[SERVER-4640] database corrupted Created: 06/Jan/12  Updated: 30/Mar/12  Resolved: 08/Jan/12

Status: Closed
Project: Core Server
Component/s: Querying
Affects Version/s: 2.0.2
Fix Version/s: None

Type: Question Priority: Critical - P2
Reporter: jitendra Assignee: Unassigned
Resolution: Done Votes: 0
Labels: crash
Remaining Estimate: Not Specified
Time Spent: Not Specified
Original Estimate: Not Specified
Environment:

linux debian


Participants:

 Description   

we run mongod with journal. at run time we unmount disk and change disk setting. two thing happened.
1. journal recovery take 15 min.
2. database corrupted then rum validate command.

please help me how to handle this problem in production.



 Comments   
Comment by Eliot Horowitz (Inactive) [ 16/Jan/12 ]

If it gets corrupted you should run --repair?
If you are running with journalling (default on 2.0.2, it should not get corrupted in the first place though)

Comment by jitendra [ 16/Jan/12 ]

we have limited hard disk, we are not using replica.
if corruption take place then how to handle.

Comment by Eliot Horowitz (Inactive) [ 10/Jan/12 ]

If you get corruption you should either run repair or just wipe that member of the replica set and let it resync.
Very hard to tell if/what happened without any logs.

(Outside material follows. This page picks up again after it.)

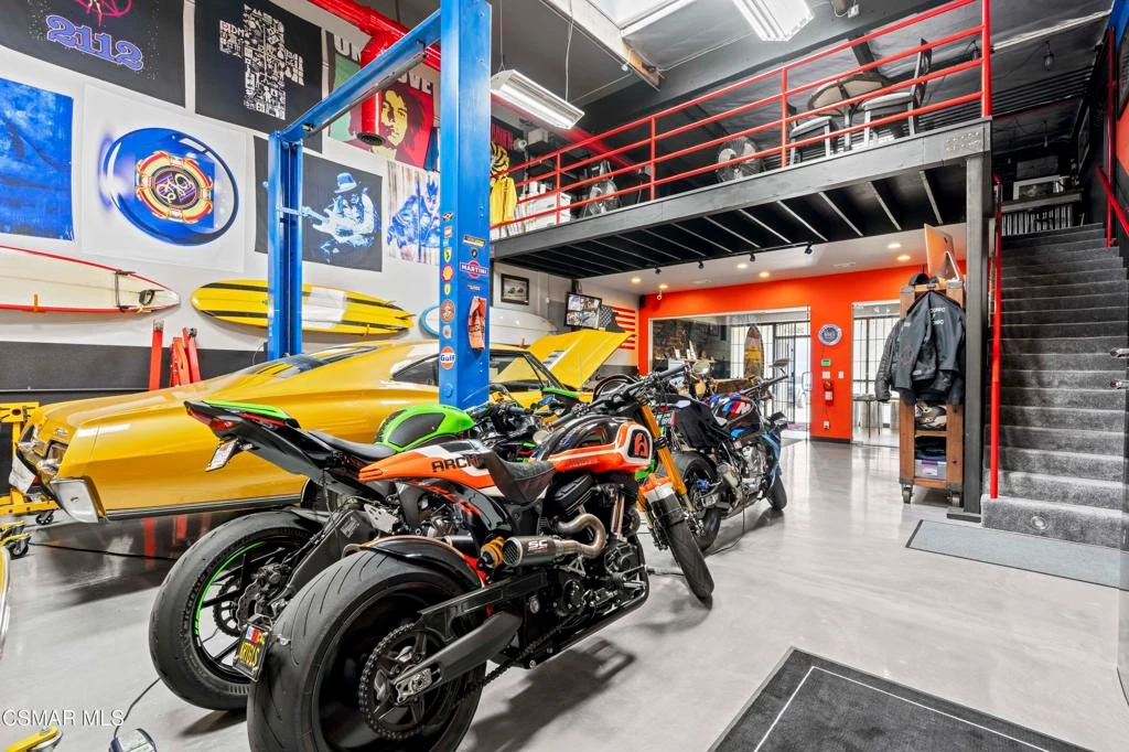 Rare opportunity to own a fully upgraded industrial car condo in the heart of Newbury Park, designed specifically for the serious collector or automotive enthusiast. This turnkey unit is the ultimate private showroom and storage space, thoughtfully built out with premium finishes and an expanded mezzanine to maximize functionality and style.The main level offers pristine, open warehouse space ideal for showcasing and storing your collection. High ceilings and clean architectural lines create a true gallery feel, while upgraded lighting highlights every detail of your vehicles. The expanded mezzanine adds significant usable square footage and features a private office overlooking the showroom floor, allowing you to work while enjoying a full view of your collection below.A full bathroom with shower and custom bar setup elevate the space beyond simple storage, making it perfect for entertaining, hosting private gatherings, or spending extended time on-site. Every detail has been completed, making this unit completely move-in ready with no additional buildout required.Whether you are a collector seeking a secure and sophisticated home for your cars, a business owner looking for a high-end automotive workspace, or an investor targeting a niche asset class, this Newbury Park car condo delivers versatility, style, and long-term value.A true car collector's dream and a rare offering in one of Ventura County's most desirable industrial communities.

Comment by jitendra [ 10/Jan/12 ]

once i have seen corruption on database.
it start to give error in insertion, i saw logs , it tell there is database corruption and u have to validate database.but we loss logs.
what should do when corruption take place.
1. we can run validate but it is too slow
2.if validate is false then run repair, it again slow command

can you please give recommendation when corruption tale place

Comment by Eliot Horowitz (Inactive) [ 09/Jan/12 ]

Why do you think there is corruption?

Comment by Eliot Horowitz (Inactive) [ 09/Jan/12 ]

Why do you think there is corruption?

Comment by Eliot Horowitz (Inactive) [ 09/Jan/12 ]

Why do you think there is corruption?

Comment by jitendra [ 09/Jan/12 ]

that's clear. one more think database corruption.
1. Why does database corruption take place.
2. If database corruption happens , then how to handle it.

Comment by Eliot Horowitz (Inactive) [ 08/Jan/12 ]

Given that it took 2 minutes to allocated a 1gb journal file - its clear the filesystem is an issue.
Journal recovery will be very fast unless the disk is very slow - so that's the only sensible explanation.

Comment by jitendra [ 08/Jan/12 ]

ok

cam you pls explain below logs recover take too much time because of file system or else.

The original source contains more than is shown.